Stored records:
=====
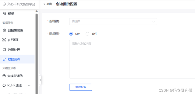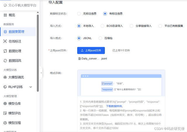 百度文心大平台的完整流程包括数据导入、数据标注、训练配置、模型纳管、服务发布以及在线测试。可视化的界面以及组件很好的诠释零门槛入门AI,从零开始构建数据集、模型训练以及部署。
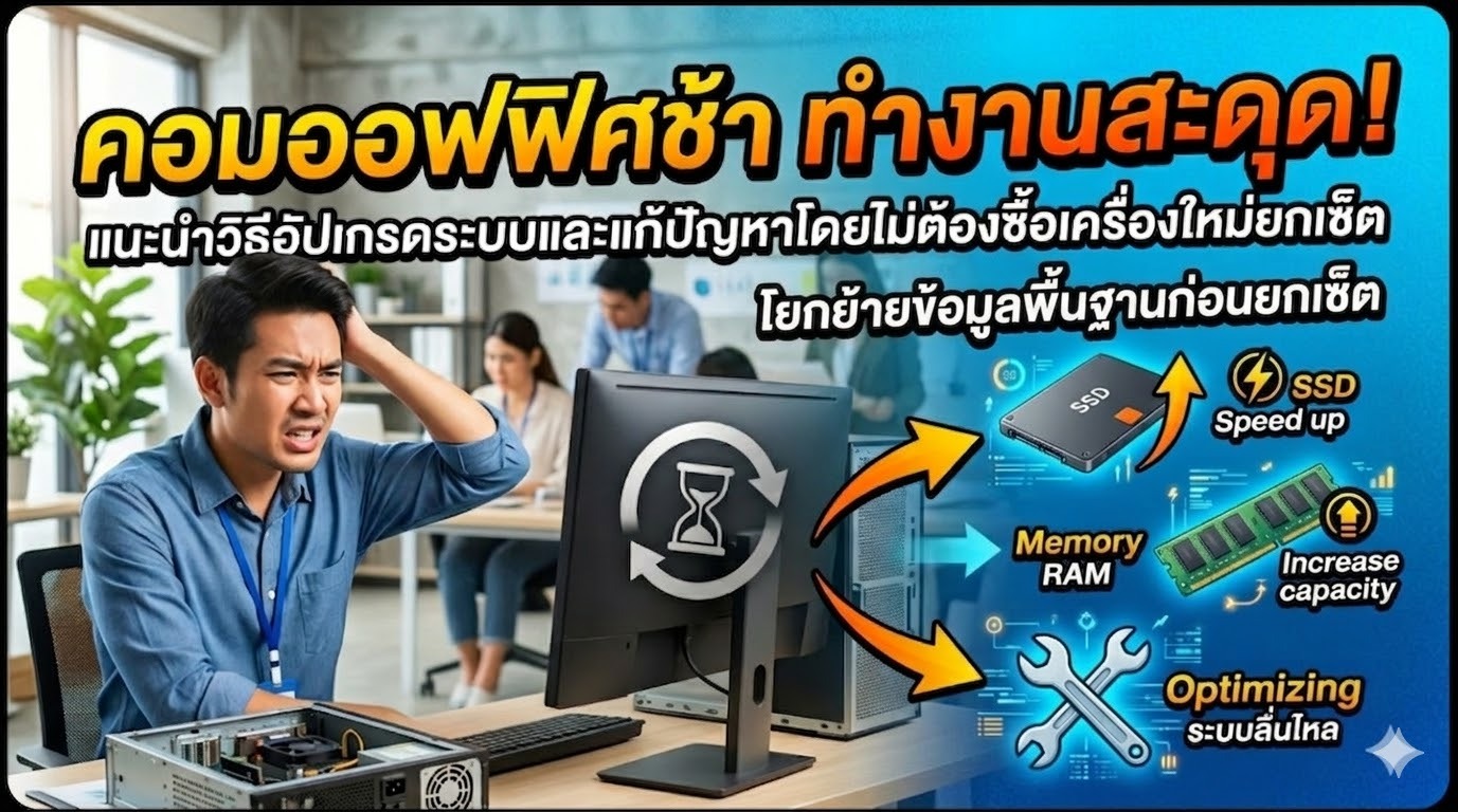 สรุปทิ้งท้าย: การแก้ปัญหาคอมออฟฟิศช้า ไม่ได้มีแค่ทางเลือก “ทนใช้ต่อไป” หรือ “ซื้อใหม่ทั้งหมด” การวิเคราะห์หาสาเหตุและเลือกอัปเกรดให้ตรงจุด ทั้งในระดับฮาร์ดแวร์และระดับโครงสร้างระบบ คือกุญแจสำคัญที่จะช่วยให้องค์กรของคุณก้าวเดินต่อไปได้อย่างราบรื่น โดยที่กระแสเงินสดในกระเป๋ายังคงแข็งแรงครับ
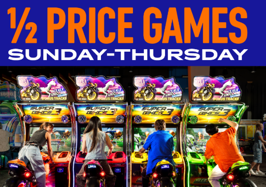*Half Price Games Sunday through Thursday: Promotional. Limited Time Only. Half Price Games. Offer valid in-store only. Valid only on Sundays through Thursdays. Not valid on Virtual Reality or Human Crane games. Excludes photo booths. In select locations only, offer not valid on purple swipe games (crane games, pushers, dance games or merchandising games). Game Play coupons may not be valid in combination with the Half Price Games offer on select days. Power Card activation fee may apply. Offer cannot be combined with other promotions. Additional restrictions may apply. Offer subject to change or cancellation at any time. Void where prohibited. See store for details.
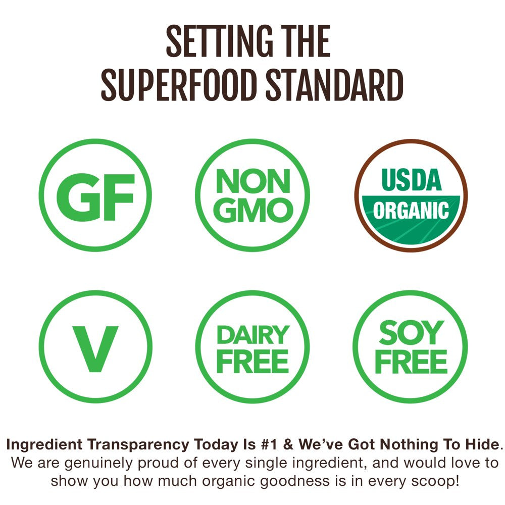 - 25 Organic Superfoods - Formulated for maximum nourishment, each scoop of our amazing superfood powder contains a carefully formulated blend of over 10 pounds of vegetables, fruits, herbs, and plants.
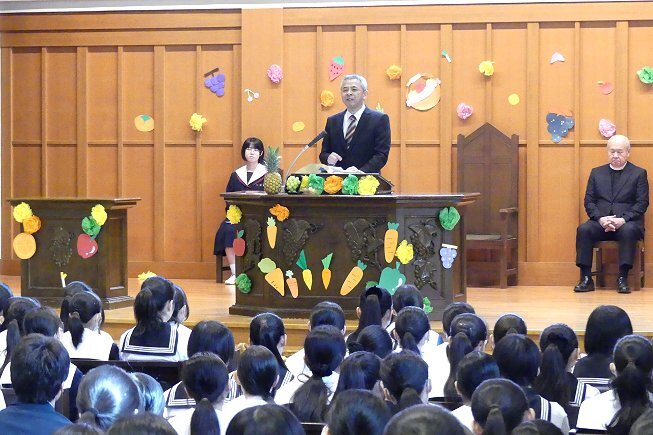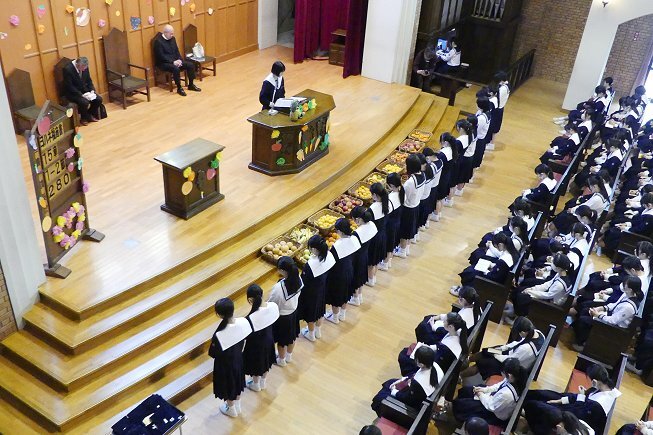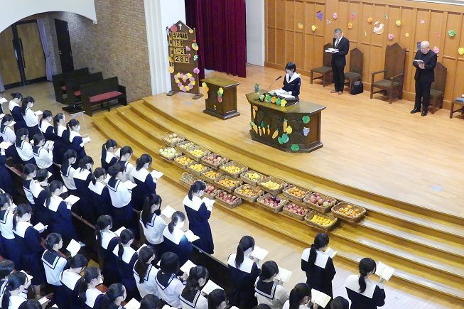 本校では毎年、豊かな収穫の恵みを祝い、その恵みを神に感謝する収穫感謝礼拝を行なっています。朝、生徒たちがリンゴや柿などの果物を持ち寄り、宗教委員の手によって礼拝堂ステージ前に並べられました。
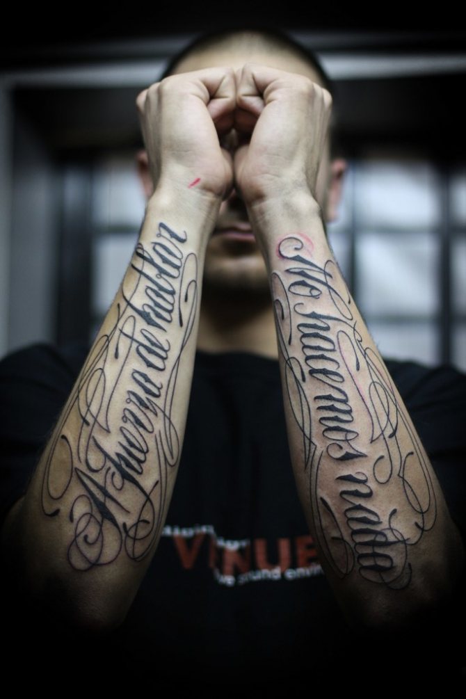 This area of the hand is very popular for a body drawing due to the fact that here the zone of minimal sensitivity to pain, and the skin area itself is completely open to prying eyes. In most cases, various inscriptions and quotations in English or Chinese are used on the forearm. The tattoo on the forearm can serve as a separate tattoo or as part of the overall composition.
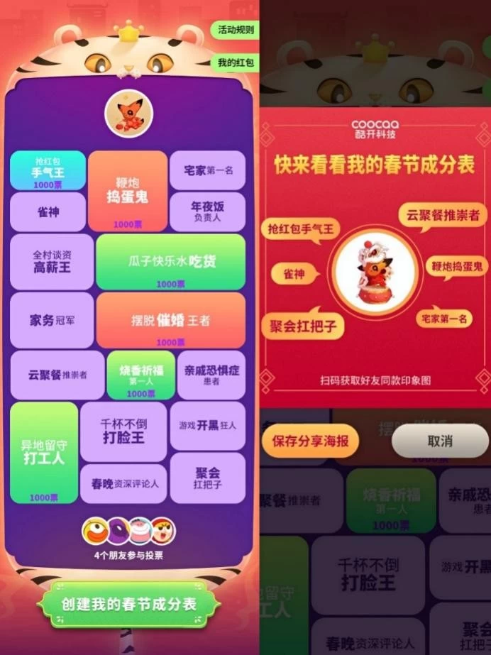 在整个活动期间,用户均可通过移动设备扫描大屏端的活动二维码,生成“我的春节成分表”,不论是“春晚资深评论人”还是“聚会扛把子”,亦或是“抢红包手气王”……都是用户独一无二的春节专属标签。同时,用户还可以分享链接邀请好友一同来参与活动,不仅能累计获得影响力,在此过程中评价好友春节成分更有机会获得随机现金红包,趣味互动的同时,也能将春节好礼收入囊中,用户自然参与热情高涨。
=====
What is needed: Your copy must start at the line that holds "本校では毎年、豊かな収穫の恵" and end at the last line of the data, both included; it must contain no pictures.

Output of the task:
 本校では毎年、豊かな収穫の恵みを祝い、その恵みを神に感謝する収穫感謝礼拝を行なっています。朝、生徒たちがリンゴや柿などの果物を持ち寄り、宗教委員の手によって礼拝堂ステージ前に並べられました。
 This area of the hand is very popular for a body drawing due to the fact that here the zone of minimal sensitivity to pain, and the skin area itself is completely open to prying eyes. In most cases, various inscriptions and quotations in English or Chinese are used on the forearm. The tattoo on the forearm can serve as a separate tattoo or as part of the overall composition.
 在整个活动期间,用户均可通过移动设备扫描大屏端的活动二维码,生成“我的春节成分表”,不论是“春晚资深评论人”还是“聚会扛把子”,亦或是“抢红包手气王”……都是用户独一无二的春节专属标签。同时,用户还可以分享链接邀请好友一同来参与活动,不仅能累计获得影响力,在此过程中评价好友春节成分更有机会获得随机现金红包,趣味互动的同时,也能将春节好礼收入囊中,用户自然参与热情高涨。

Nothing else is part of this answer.